■ **Listed records**
• • • • •

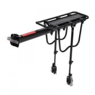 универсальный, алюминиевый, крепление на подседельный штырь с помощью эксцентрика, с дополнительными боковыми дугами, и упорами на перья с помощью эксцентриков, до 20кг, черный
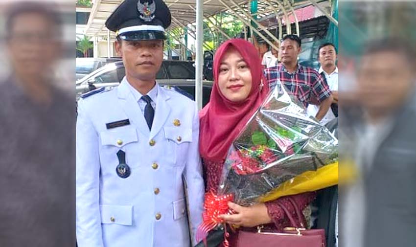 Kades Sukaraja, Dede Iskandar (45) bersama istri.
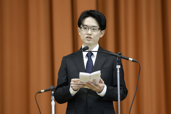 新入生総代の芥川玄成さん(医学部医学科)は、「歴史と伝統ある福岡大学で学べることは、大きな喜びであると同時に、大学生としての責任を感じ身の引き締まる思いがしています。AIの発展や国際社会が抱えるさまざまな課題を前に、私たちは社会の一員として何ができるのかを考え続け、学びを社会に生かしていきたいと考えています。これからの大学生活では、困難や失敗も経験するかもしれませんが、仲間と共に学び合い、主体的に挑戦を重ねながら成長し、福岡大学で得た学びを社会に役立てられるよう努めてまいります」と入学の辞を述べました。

• • • • •

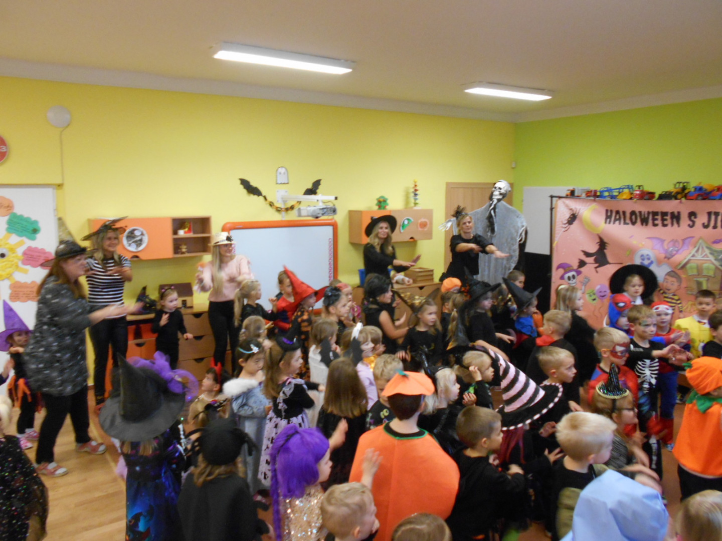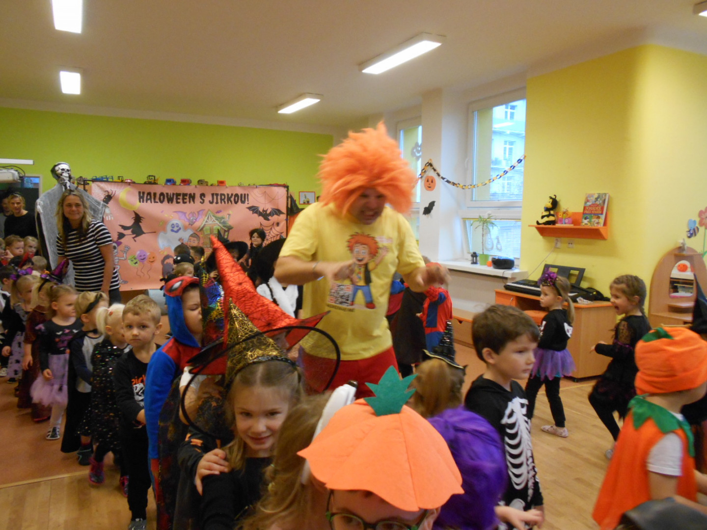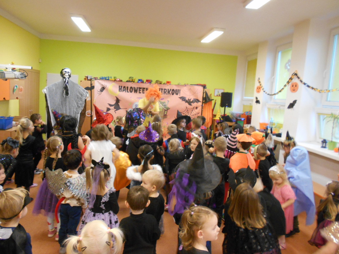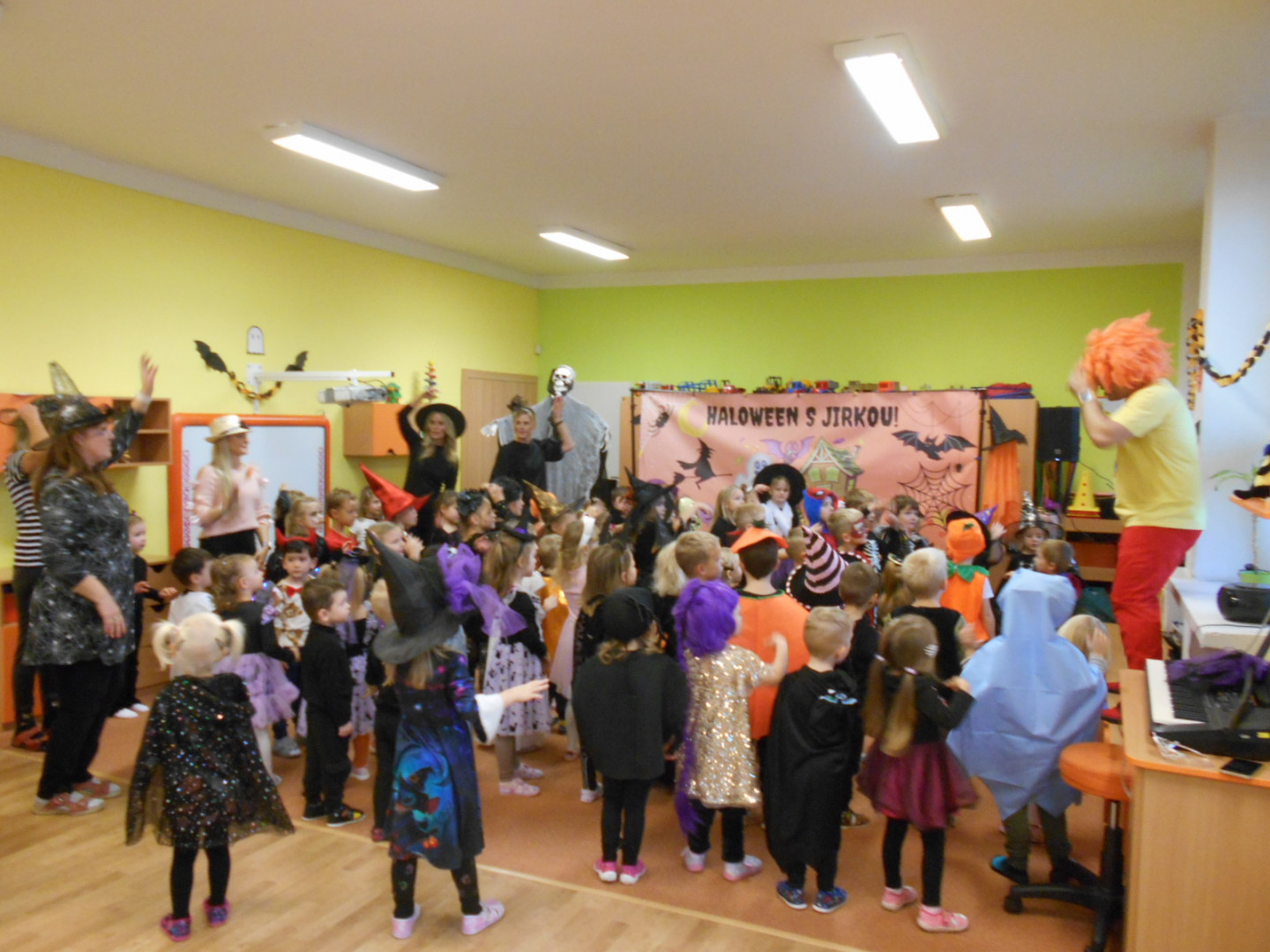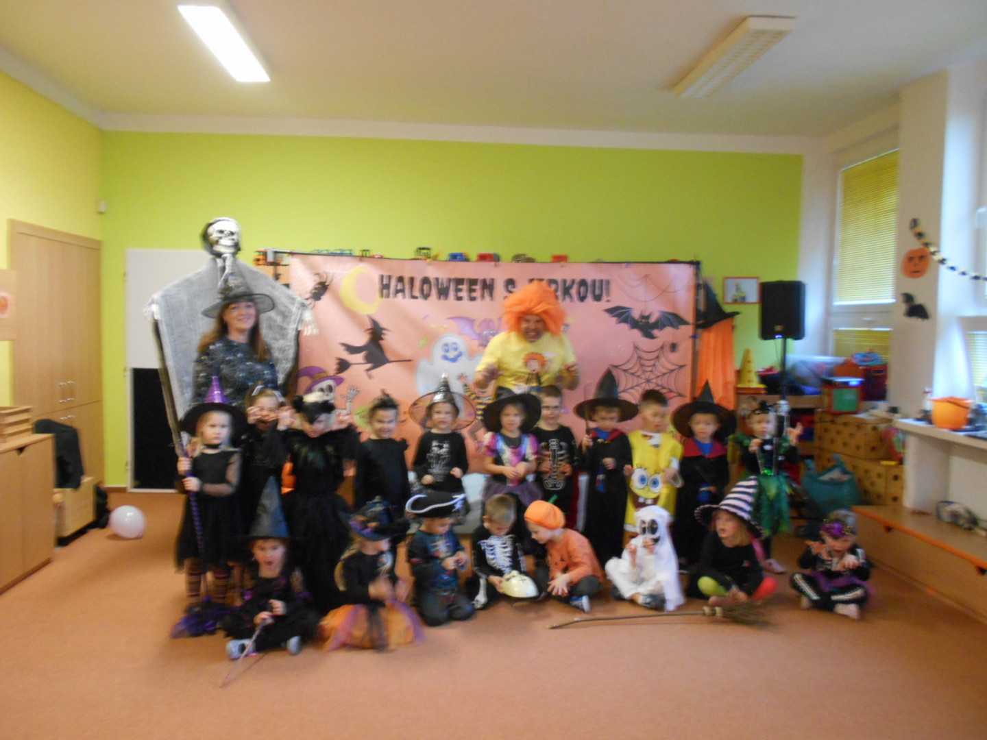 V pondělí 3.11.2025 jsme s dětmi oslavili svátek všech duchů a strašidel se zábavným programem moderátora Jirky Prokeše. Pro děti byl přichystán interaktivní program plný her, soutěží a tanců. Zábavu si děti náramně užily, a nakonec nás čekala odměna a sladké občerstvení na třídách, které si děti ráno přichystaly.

• • • • •

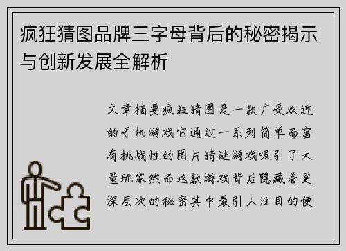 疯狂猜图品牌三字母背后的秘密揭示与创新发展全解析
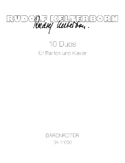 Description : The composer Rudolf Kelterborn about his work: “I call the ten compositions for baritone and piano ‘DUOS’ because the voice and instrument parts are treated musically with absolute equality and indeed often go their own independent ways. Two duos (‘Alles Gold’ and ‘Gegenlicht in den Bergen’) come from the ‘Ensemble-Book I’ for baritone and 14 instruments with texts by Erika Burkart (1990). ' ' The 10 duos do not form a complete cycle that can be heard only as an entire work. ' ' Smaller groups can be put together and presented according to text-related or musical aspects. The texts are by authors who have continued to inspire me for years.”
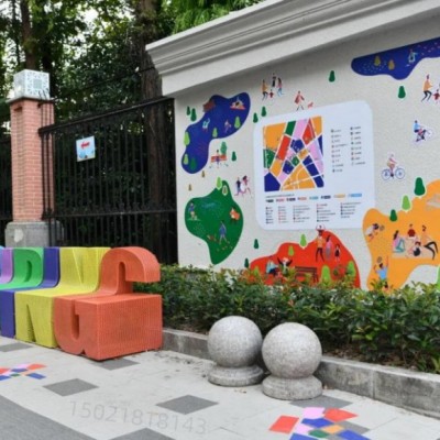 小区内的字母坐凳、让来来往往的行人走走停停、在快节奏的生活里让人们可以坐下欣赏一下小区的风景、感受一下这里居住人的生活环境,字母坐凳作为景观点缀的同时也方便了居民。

• • • • •

■ **Assignment**
Write out the lines above from the one with "универсальный, алюминиевый, крепление" through the one with "新入生総代の芥川玄成さん(医", ends included, exactly; no picture goes in.

■ **Your response**
 универсальный, алюминиевый, крепление на подседельный штырь с помощью эксцентрика, с дополнительными боковыми дугами, и упорами на перья с помощью эксцентриков, до 20кг, черный
 Kades Sukaraja, Dede Iskandar (45) bersama istri.
 新入生総代の芥川玄成さん(医学部医学科)は、「歴史と伝統ある福岡大学で学べることは、大きな喜びであると同時に、大学生としての責任を感じ身の引き締まる思いがしています。AIの発展や国際社会が抱えるさまざまな課題を前に、私たちは社会の一員として何ができるのかを考え続け、学びを社会に生かしていきたいと考えています。これからの大学生活では、困難や失敗も経験するかもしれませんが、仲間と共に学び合い、主体的に挑戦を重ねながら成長し、福岡大学で得た学びを社会に役立てられるよう努めてまいります」と入学の辞を述べました。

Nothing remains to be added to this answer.